Wei Fu y los demás llegaron a este mundo gracias a él. Después de lo que ocurrió antes, ahora estaban atrapados aquí, y como Long Yin no podía arreglar las cosas, se fue sin más. Wei Fu lo siguió de inmediato, queriendo ver cómo manejaría esa situación esos malvados. Pero como Long Yin se había ido, ella se puso un poco ansiosa.

Antes habían acordado que, una vez cambiados de ropa, saldrían a comer. Pero debido a todo esto, se perdió mucho tiempo. Tan pronto como Fu Er llegó con Long Yin a la habitación, dijo de inmediato: “Pequeño hermano mayor, ¿por qué no sigues mirando allí?”.

Tenía hambre.

Long Yin le dio un golpecito en la cabeza y, al mismo tiempo, arrancó el amuleto de invisibilidad que Wei Fu se había puesto en la frente. “Mira sus rostros, ¿no puedes ver cuál será su destino?”, dijo. La levantó en brazos y, justo cuando abrió la puerta trasera, alguien intentó entrar.

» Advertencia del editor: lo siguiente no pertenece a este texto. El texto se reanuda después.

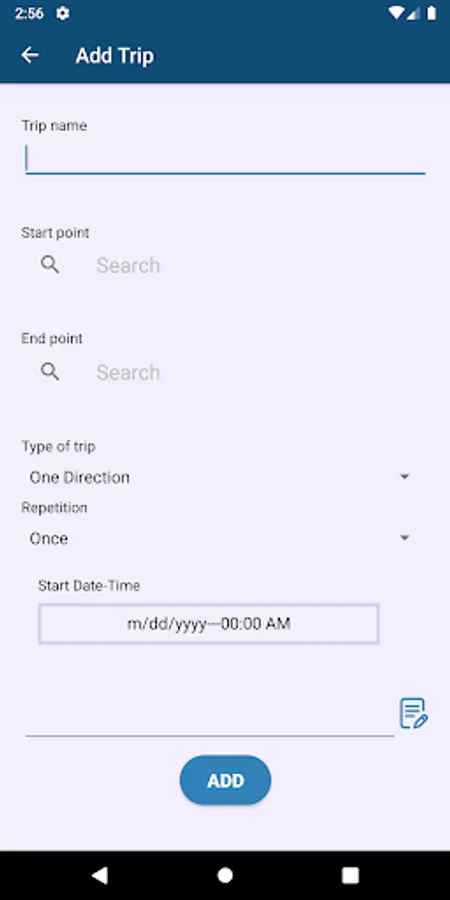 Add Trip: It provides you an easy way to add your trip to a schedule, to choose the type of your trip, to choose how many times you want to repeat your trip, add notes to your trip.

Él lo pateó lejos y gritó: “Si quieren hacer noticias o meterse en problemas, no hay que hacerlo de esta manera. Dejen que primero salgan los clientes del hotel”.

Wei Fu dijo: “Es diferente, todos van a morir. Es mejor ver con tus propios ojos cuál será su destino y así poder estar más tranquilo. Si no se anuncia, siempre parece que habrá algún imprevisto”. “Quien se interponga en nuestro camino, ese será su final”.

Era la primera vez que Wei Fu veía a Ying Jiu enojarse y usar la fuerza. “Algunas personas que originalmente tenían suerte, la pierden poco a poco por sus propias acciones. Mientras que otras, que al principio no tenían suerte, pueden cambiar su destino con esfuerzo”. El Emperador del Gran Reino de Dàyue traicionó a Ying Jiu, pero él no mostró ira ni usó la fuerza.

Long Yin: “…” Al ver a Ying Jiu así, su boca se volvió redonda como un huevo de pato y olvidó hablar por un momento.

“Hay cosas que no deberías escuchar. Esos hombres siempre están buscando problemas y no tendrán oportunidad de arreglarse”. El chico que intentó entrar fue pateado por Ying Jiu y cayó al suelo, gritando: “¡Ay, me golpearon!”.

La Emperatriz Madre recordó algo y dijo rápidamente: “Fu Er, mira si hay algún problema con el espejo de esta habitación”. Sabía que Wei Fu no podía ganar en una discusión, así que lo mejor era distraer su atención.

“Recuerda este rostro, ese es el hombre que golpeó a alguien”.

Wei Fu dijo: “Abuela, no hay problema. Fu Er ya lo revisó cuando entró”.

“¡Amigos, ayúdenme a averiguar quién es esta persona! Les estaré muy agradecida”. Debido a lo que acababa de pasar, ya tenía la costumbre de revisar el espejo antes de entrar en una habitación. También revisó el espejo del baño cuando fue a cambiarse de ropa. “Soy solo una persona común y corriente, solo quería compartir algo de entretenimiento con ustedes, pero terminé así. Por favor, amigos… ¡Ay, gracias por mi coche deportivo!”.

“Fu Er es muy inteligente y valiente. La abuela incluso olvidó esto antes de entrar”.

“Gracias por mi avión, cariño”. Wei Fu se enderezó orgullosamente: “Por supuesto, Fu Er es la mejor”.

“Gracias por mi globo aerostático”. “Sí, Fu Er no solo es genial, sino también obediente. Yin Er dijo que no debemos usar magia a la ligera, así que te pusiste amuletos a ti misma y a nosotros, sin usar magia para invisibilizarnos”. “Gracias por mi carnaval, rey celestial”.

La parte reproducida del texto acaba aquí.